Defining Google Search Console URL parameters

Some sites (usually in e-commerce) contain the same content  It adds certain parameters to these URLs so that they can be used in multiple URLs. If you've shopped online before, you've probably narrowed down your search results with the help of filters. “For example, on Amazon”, “shoes”; You may have searched and narrowed down your results in terms of size, color and style. The URL changes slightly with each collapse:

https://www.example.com/products/women/dresses/green.htmhttps://www.example.com/products/women?category=dresses&color=greenhttps://example.com/shopindex .php?product_id=32&highlight=green+dress&cat_id=1&sessionid=123$affid=43

How does Googlel know what type of URL to serve to the searcher? Google does a pretty good job of determining the representative URL on its own, but in Google Search Console; By using the URL parameters feature, you can more accurately determine Google's approach to your pages. If this feature allows Googlebot to "crawl URLs with parameters _ _ _"; If you use the command to give the command, you are choosing to hide this content from Googlebot, which may result in those pages getting lost in search results. You'll want to do this if those parameters create repetitive pages. However, this is ideal if you want those pages to be indexed.uml;ntem is not.

Can browsers find all your important content?

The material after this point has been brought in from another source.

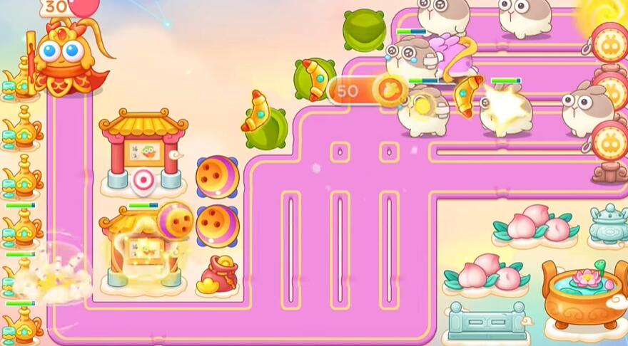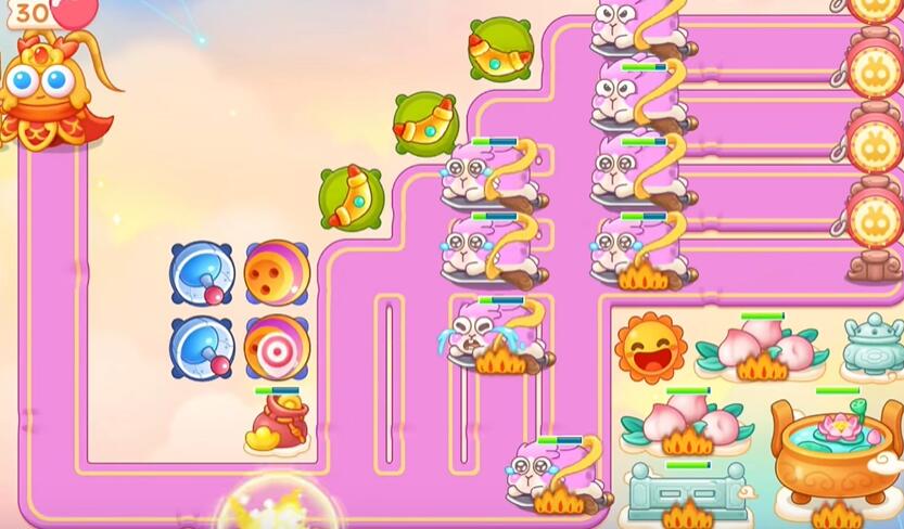 7、旁边障碍物烧掉,快速建立塔防。

Now, here are a few questions about keeping search engine crawlers away from your junk content. Now that you know the tactics, let's learn about optimizations that help Googlebot find your important pages.

Sometimes, a search engine can crawl some parts of your site, but other parts may be hidden for one reason or another. It is very important to ensure that not only your homepage but also the content you want to be indexed is found by search engines.

Ask yourself this: Can the bot crawl from inside your website, not just up to it?

Is your content hidden behind login forms?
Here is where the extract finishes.